Aviva has offloaded its troublesome US business for £1.1bn in a deal that marks the latest UK retreat from the world's largest economy.
The company said it had agreed to sell the AmerUs unit to life insurer Athene Holding for almost half of the £2bn it paid for it in 2006.
John McFarlane, Aviva's chairman, said it was an "important step forward" in the company's plan to slim down its operations.
The sale comes less than a month after Tesco confirmed it was launching a strategic review of its Fresh & Easy chain in the US.
"This considerably strengthens Aviva's financial position, increases group liquidity and improves our economic capital surplus whilst also reducing its volatility," Mr McFarlane said. "The disposal of the US business, combined with the recent settlement with Bankia, represents a successful end to the year and sets us up well for 2013."
Athene Holding beat off rival approaches from other interested parties such as Harbinger Capital and Guggenheim Partners.
Aviva, which appointed Mark Wilson as its chief executive last month, is looking to sell underperforming businesses as it slims down its structure. Mr McFarlane has vowed to turn the company into a "leaner, more agile beast". He plans to cut staff, sell businesses and seek "significant improvement" in others to reverse the poor share performance.

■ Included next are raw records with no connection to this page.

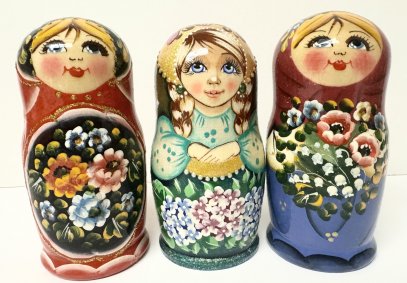 This nesting doll is handcrafted in Moscow, Russia: made out of linden wood and painted with acrylic. Workshop "Russkiy Dom", Moscow, Russia.
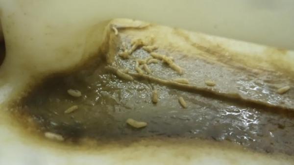 Na sebe naskládané kanystry s cibulkami se v kontejneru vlastní vahou zdeformovaly a ve vyteklém obsahu inspekce zjistila přítomnost hmyzu v různých vývojových stádiích – larvy, kukly – a částečně i plíseň. Vzhledem k poškození obalů nebylo možné vyloučit kontaminaci obsahu kanystrů a proto SZPI nevpustila celou zásilku nakládaných cibulek do volného oběhu. Nevyhovující potravina, která mohla směřovat např. do provozoven společného stravování, se tak nedostala ke spotřebiteli.
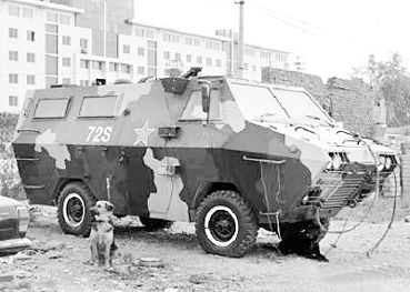 图为杨树宽经常“巡逻”的“军用装备”装甲车(资料图片)

The former Royal Bank of Scotland non-executive director took over the helm of the insurer in May after a shareholder revolt over pay that led to former chief executive Andrew Moss's resignation.
The shares closed up 1.3p at 382.7p as analysts welcomed the sale.
"Although there is still plenty to do, we believe that Aviva enters 2013 in far better shape than it entered 2012," said Barrie Cornes, an analyst at Panmure.